→ TASK DIRECTIONS
Transcribe the stretch of entries below from the line with "Нивина, Е. А." through the line with "雑草は当然、雑木を草刈機とチェーンソー、鉈、選定ばさみを駆使し刈り上げる。", exactly and with both ends included; leave out all other lines.

→ ENTRIES PROVIDED
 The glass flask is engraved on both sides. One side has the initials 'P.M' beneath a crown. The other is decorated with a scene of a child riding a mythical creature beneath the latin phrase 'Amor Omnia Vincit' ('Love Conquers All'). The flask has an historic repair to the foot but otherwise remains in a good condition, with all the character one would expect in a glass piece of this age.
--
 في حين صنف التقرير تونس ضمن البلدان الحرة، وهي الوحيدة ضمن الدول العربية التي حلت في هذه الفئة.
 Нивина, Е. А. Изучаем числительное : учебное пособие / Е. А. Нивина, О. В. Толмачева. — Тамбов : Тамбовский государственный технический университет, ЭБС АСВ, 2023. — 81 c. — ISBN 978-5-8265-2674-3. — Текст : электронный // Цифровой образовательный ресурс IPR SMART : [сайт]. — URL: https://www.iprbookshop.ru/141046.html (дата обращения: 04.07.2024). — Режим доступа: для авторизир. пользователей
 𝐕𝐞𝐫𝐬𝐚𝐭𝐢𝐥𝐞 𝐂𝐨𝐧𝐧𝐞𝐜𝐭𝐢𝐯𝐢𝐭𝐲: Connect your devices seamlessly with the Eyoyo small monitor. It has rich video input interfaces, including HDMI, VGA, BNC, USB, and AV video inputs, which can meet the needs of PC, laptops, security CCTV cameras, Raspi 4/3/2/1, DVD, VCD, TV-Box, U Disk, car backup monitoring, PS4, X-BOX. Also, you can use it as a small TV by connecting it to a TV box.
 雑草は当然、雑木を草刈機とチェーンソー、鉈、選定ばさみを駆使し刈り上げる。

→ TASK OUTPUT
 Нивина, Е. А. Изучаем числительное : учебное пособие / Е. А. Нивина, О. В. Толмачева. — Тамбов : Тамбовский государственный технический университет, ЭБС АСВ, 2023. — 81 c. — ISBN 978-5-8265-2674-3. — Текст : электронный // Цифровой образовательный ресурс IPR SMART : [сайт]. — URL: https://www.iprbookshop.ru/141046.html (дата обращения: 04.07.2024). — Режим доступа: для авторизир. пользователей
 𝐕𝐞𝐫𝐬𝐚𝐭𝐢𝐥𝐞 𝐂𝐨𝐧𝐧𝐞𝐜𝐭𝐢𝐯𝐢𝐭𝐲: Connect your devices seamlessly with the Eyoyo small monitor. It has rich video input interfaces, including HDMI, VGA, BNC, USB, and AV video inputs, which can meet the needs of PC, laptops, security CCTV cameras, Raspi 4/3/2/1, DVD, VCD, TV-Box, U Disk, car backup monitoring, PS4, X-BOX. Also, you can use it as a small TV by connecting it to a TV box.
 雑草は当然、雑木を草刈機とチェーンソー、鉈、選定ばさみを駆使し刈り上げる。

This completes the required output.